Primary competition visual

Sasol Customer Retention Recruitment Competition

Helping South Africa
R10 000 ZAR
Challenge completed ~2 years ago
Prediction
Job Opportunity
253 joined
56 active
Starti
Oct 05, 23
Closei
Nov 26, 23
Reveali
Nov 26, 23
User avatar
skaak
Ferra Solutions
Winning strategy using multiple accounts
Platform · 16 Nov 2023, 01:35 · 12

We don't get many subs for this one - just 100 whereas normally we would get 300. Also, the competition duration is relatively short and, as usual we can only select 2 best subs at the end.

Perhaps then it makes sense to create multiple accounts and enter lots of models to increase our chances. Would this be allowed @zindi ?

Of course, something like this normally fails on the private LB: the distro of this strategy is quite platykurtic whereas a good model will give you a leptokurtic private LB distro, but, if you are lucky, and enter many, then perhaps that platykurtic distro can work in your favour, which makes me want to argue that this should not be allowed.

Discussion 12 answers
User avatar
Ebiendele
Federal university of technology akure

from the rules of all zindi competitions Multiple accounts per user are not permitted, and neither is collaboration or membership across multiple individuals. Individuals and their submissions originating from multiple accounts will be immediately disqualified from the platform.

16 Nov 2023, 08:53
Upvotes 0
User avatar
skaak
Ferra Solutions

Hi @Ebiendele - congrats, nice start to this comp for you

User avatar
wuuthraad

Only question @skaak is how will @zindi know who has multiple accounts during the competition? I feel it can only be figured out when the competition ends. Personally I like this comp... it forces me to refine my solution as opposed to the 'brute force" approach I sometimes have

Also great improvement on the LB!

16 Nov 2023, 15:37
Upvotes 0
User avatar
skaak
Ferra Solutions

Thanks @wuuthraad - I'm not sure this is happening here tbh. There are a few names on the LB that looks like variations of one another and they also sub a lot and sub at about the same time ... but it could be just coincidence. But @zindi can just confirm it is cosher.

Anyhow, this comp ... baby steps ... took me 50 subs to do what you did in 20. Now I am obsessed and want to try for 0.7+. fwiw I think the data is simulated and probably 0.7 is the built in max.

My very first sub got 0.67 - I did everything right and should have stopped there. Everything since has been sus, but hey, if it moves the LB ... you know from an earlier conversation I was badly stuck at some stage. So I thought, let me just play this to learn all those peripheral settings you should always leave in the deafults ... you know, sus stuff ... but well, here we are ...

User avatar
wuuthraad

@skaak it's called hard work. the more effort you put in the greater the chance of you doing well. On my side I did not mainly focus on the modelling. FE beats complex model everytime.
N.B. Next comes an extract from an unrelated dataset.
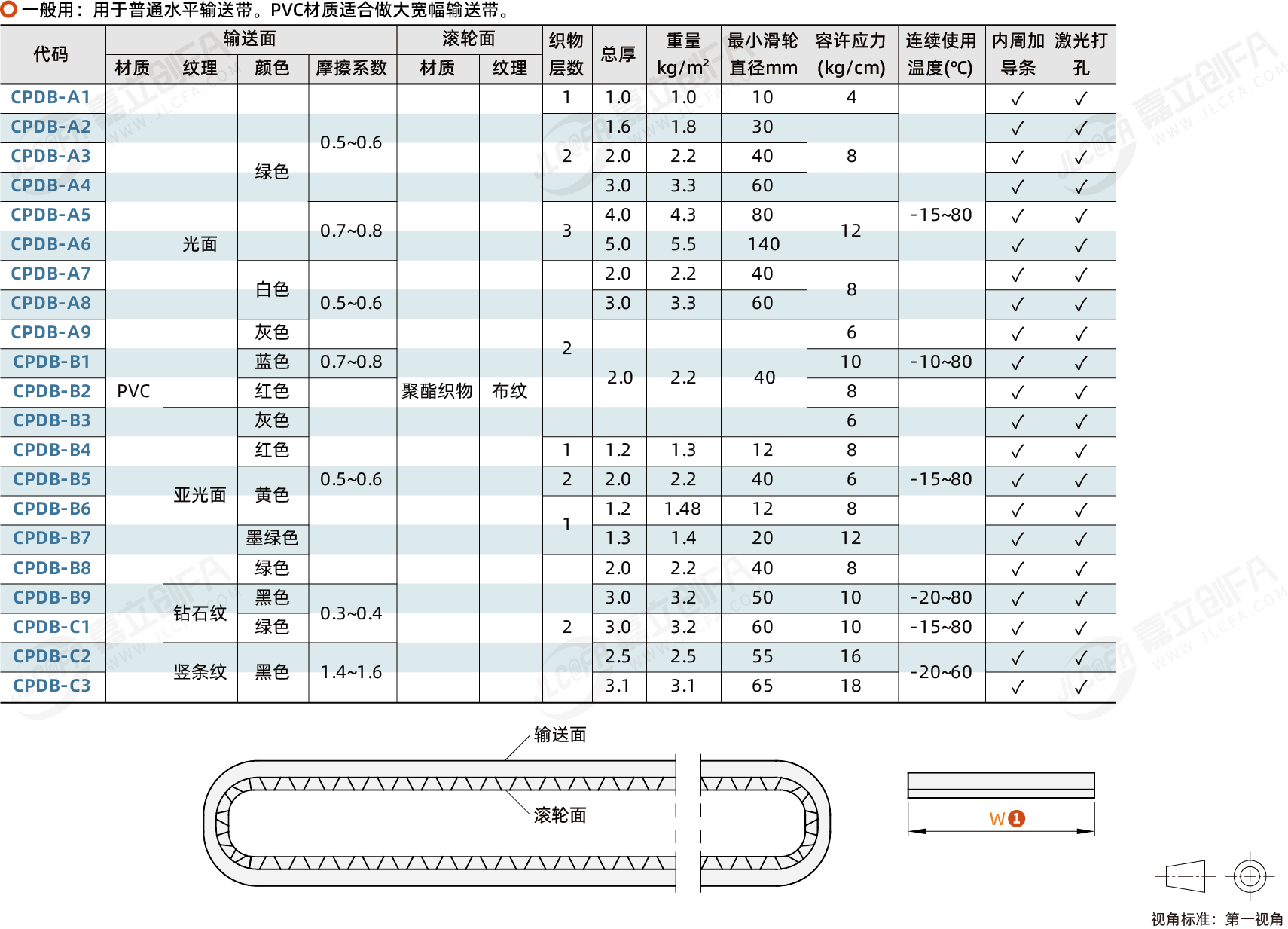 用途: 一般用输送面材质: PVC滚轮面材质: 聚酯织物滚轮面纹理: 布纹

I have been mainly doing some EDA and FE seeing what makes a better impact on model performance and seeing what insights I can get from the data.

User avatar
skaak
Ferra Solutions

Yip - would love to compare FE on this one when done ... I looked at data again ... again I get the impression it is simulated. Either that, or the train/test split is perfection. All this effort for a mere 19 columns ...

User avatar
wuuthraad

Hahahahahaha😂😂 @skaak you crazy individual, I see you on the LB

User avatar
skaak
Ferra Solutions

Slowly getting a handle on this one, which is really really nice, but ... talk about paperthin margins ... ah my friend, this one was (is) a nice journey.
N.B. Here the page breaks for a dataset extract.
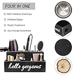 【RUSTIC YET ELEGANT HAIR TOOL ORGANIZER】: Designed with rustic white surface and cute HELLO GORGEOUS saying, the hair dryer holder organizer makes a stylish addition to your vanity table or bathroom counter. The stainless cups is perfect to cool hot curling iron tools and blow dryer, It is the best choice as vanity organizers and bathroom accessories holder.

Can I also be part of the conversation after the comp is closed.

I achieved 0.56 with a basic model and 0.67 with a model built on using null values.

I keep getting worse results with model tuning vs better results when feature engineering. There is still a few features I'm struggling with handling but I would like to get 0.75+ for this comp

I agree with both of you though in the sense that FE seems to be getting me more gradual improvements over model complexity/tuning

User avatar
skaak
Ferra Solutions

Yeah, I also want 0.75+, but, tbh, any 0.7+ will be wonderful.
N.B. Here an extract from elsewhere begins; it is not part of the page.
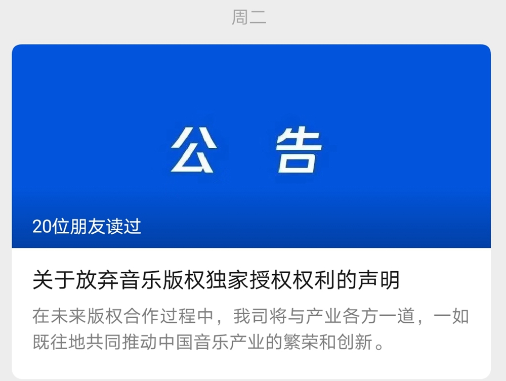 (相關(guān)報道:發(fā)聲明放棄音樂版權(quán)獨家授權(quán),騰訊為啥這樣做)

Sure you can be part of the discussion

If I may ask, I'm on my 3rd iteration in terms of filling in missing values strategy. My last strat was to use groupby medians

Has anyone tried using SKlearn impute methods?

User avatar
skaak
Ferra Solutions

Yes ... but let's discuss after the comp.

Note the Dealing with Nan discussion. that discusses some of these issues.